Le grand méchant renard - Benjamin Renner Le grand méchant renard aimerait bien être méchant, dévorer des poules dans le poulailler, voler les poussins… mais il n’y arrive pas… La poule en chef n’a pas peur de lui et le raille sans cesse. Quant aux poussins, ils sont si mignons, si attachants, si petits, il faut bien s’en occuper !

Après avoir vu le film d’animation sorti en 2017 avec mes enfants de 4-6 et 8 ans que nous avions tous adorés, petits et grands, j’étais assez impatiente de leur montrer la bande dessinée, mais en fait…  La lecture n’est pas forcément adaptée aux plus petits  et la présence de quelques gros mots  bien placés nous conforte dans ce sens …

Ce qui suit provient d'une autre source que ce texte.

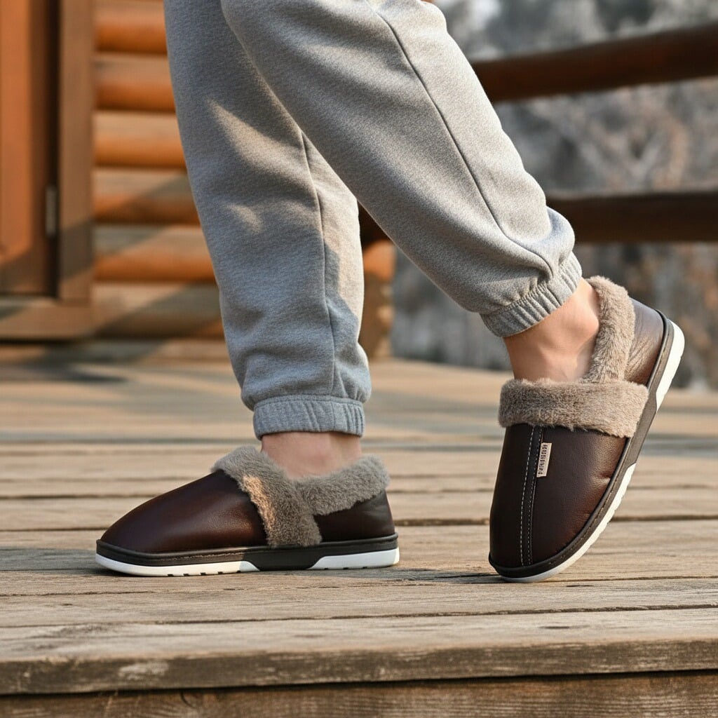 Papuci de casa pufosi si relaxanti, lucrati din materiale moi si calduroase. Sunt alegerea perfecta pentru confort si incalzire. Detalii: • Compozitie: 90% textil, 10% sintetic; • Talpa anti-alunecare, 100% cauciuc; • Inaltime talpa: 2 cm;
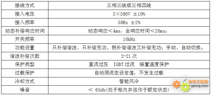 13波補(bǔ)償前電流頻譜圖 13波補(bǔ)償后電流頻譜圖 1.5治理效果 在10kV母線4段和5段使用兩套有源電力濾波器裝置進(jìn)行治理后,系統(tǒng)諧波得到了很好的抑制,完全將11次、13次諧波限制在國家標(biāo)準(zhǔn)的范圍內(nèi),提升供電系統(tǒng)的供電可靠性,消除了系統(tǒng)諧波對電網(wǎng)系統(tǒng)影響的隱患,收到了良好效果,達(dá)到改善電網(wǎng)電能質(zhì)量的目的。 2、ANAPF有源濾波器簡介 2.1技術(shù)參數(shù)
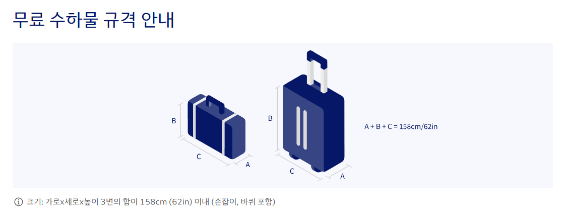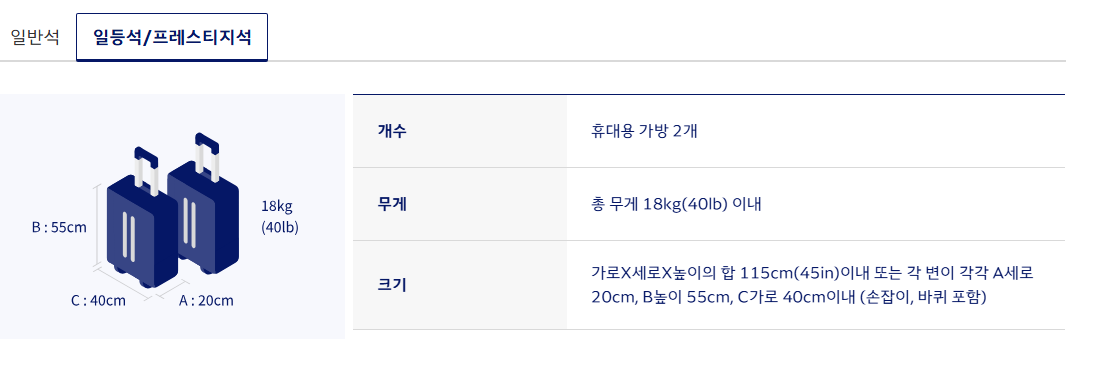 - 무게: 일반석 1개 12kg 이하 / 비즈니스석 이상 2개 합계 18kg 이하
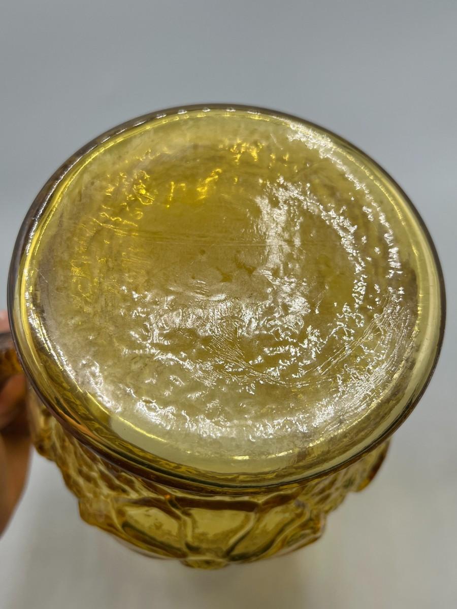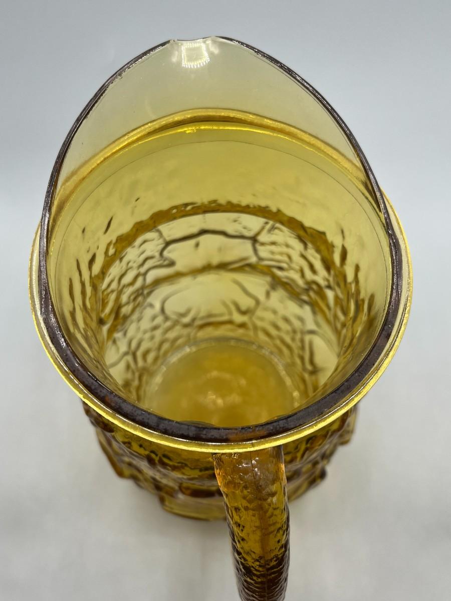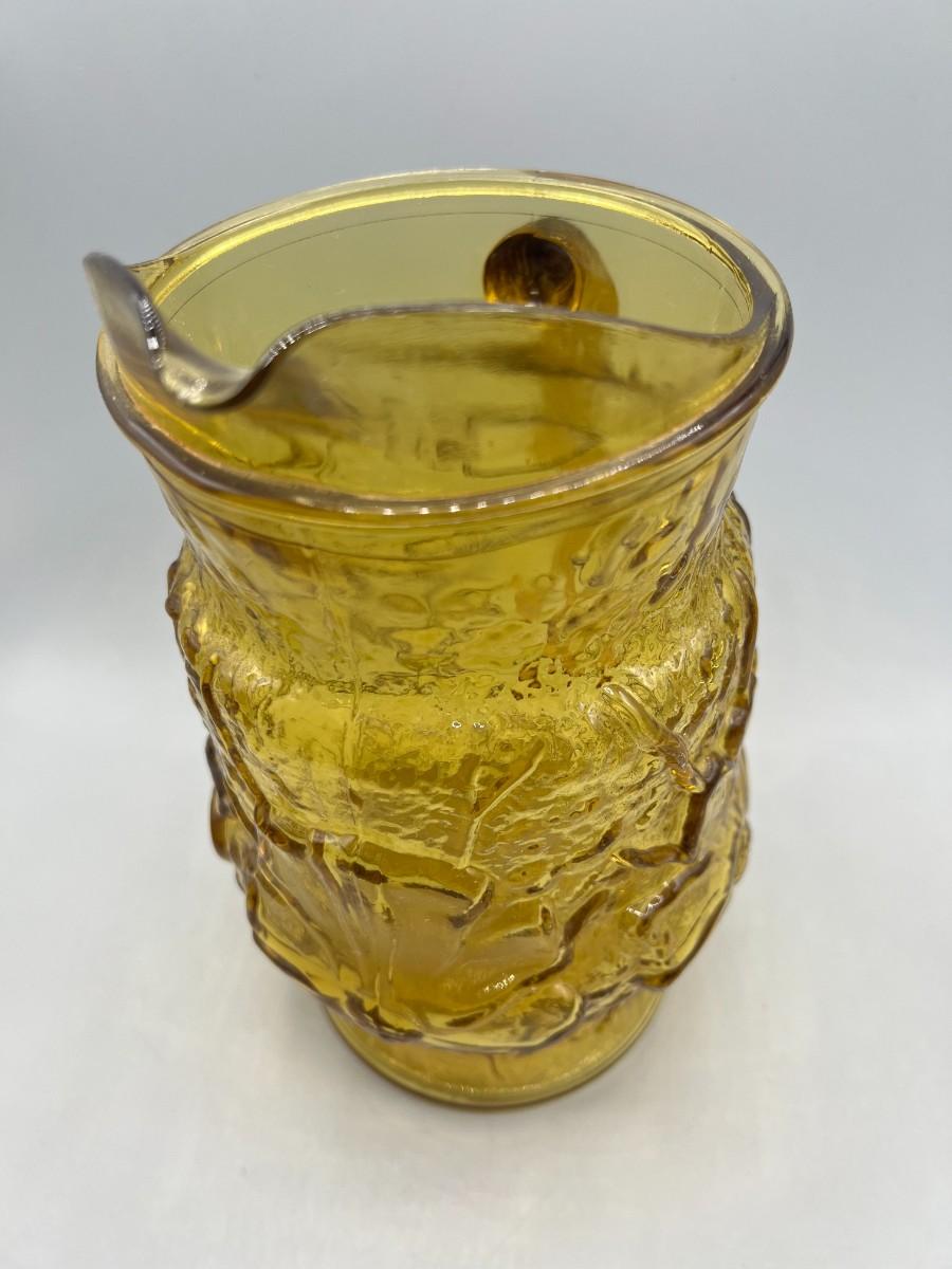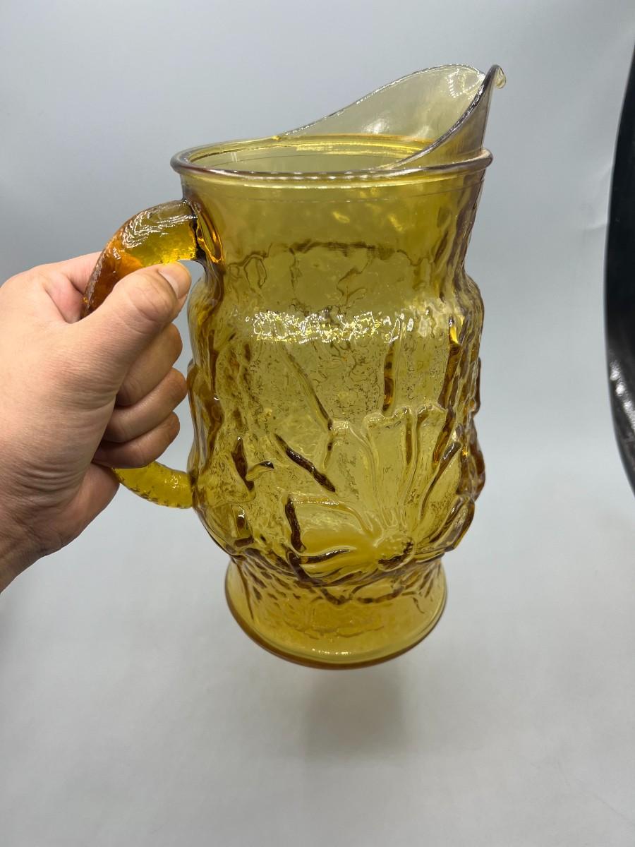 Vintage Retro Anchor Hocking Rainflower Gold Yellow Flower Embossed Glass Water Iced Tea Pitcher. In good condition.

Mais alors, pour les plus grands et les adultes, quel régal ! Un ton décalé et totalement loufoque, un humour mordant, un dynamisme incroyable font de cette bande dessinée une parodie particulièrement réussie de style cartoon à la Tex avery. Les illustrations sont simples et très expressives, les personnages caricaturaux et très attachants, que ce soient le loup, coach du renard, le chien de garde qui se la coule douce et se laisse mener par le bout du museau par la poule, ou tous les autres animaux de cette basse-cour hors du commun qui ont chacun leur caractère propre. 

Et si le renard devenait végétarien et acceptait les navets qu’on lui offre ?

On sourit, on rigole, on s’attendrit ! Bref, un excellent moment en perspective !

 

« Le Grand méchant renard » est suivi de « Il faut sauver Noël »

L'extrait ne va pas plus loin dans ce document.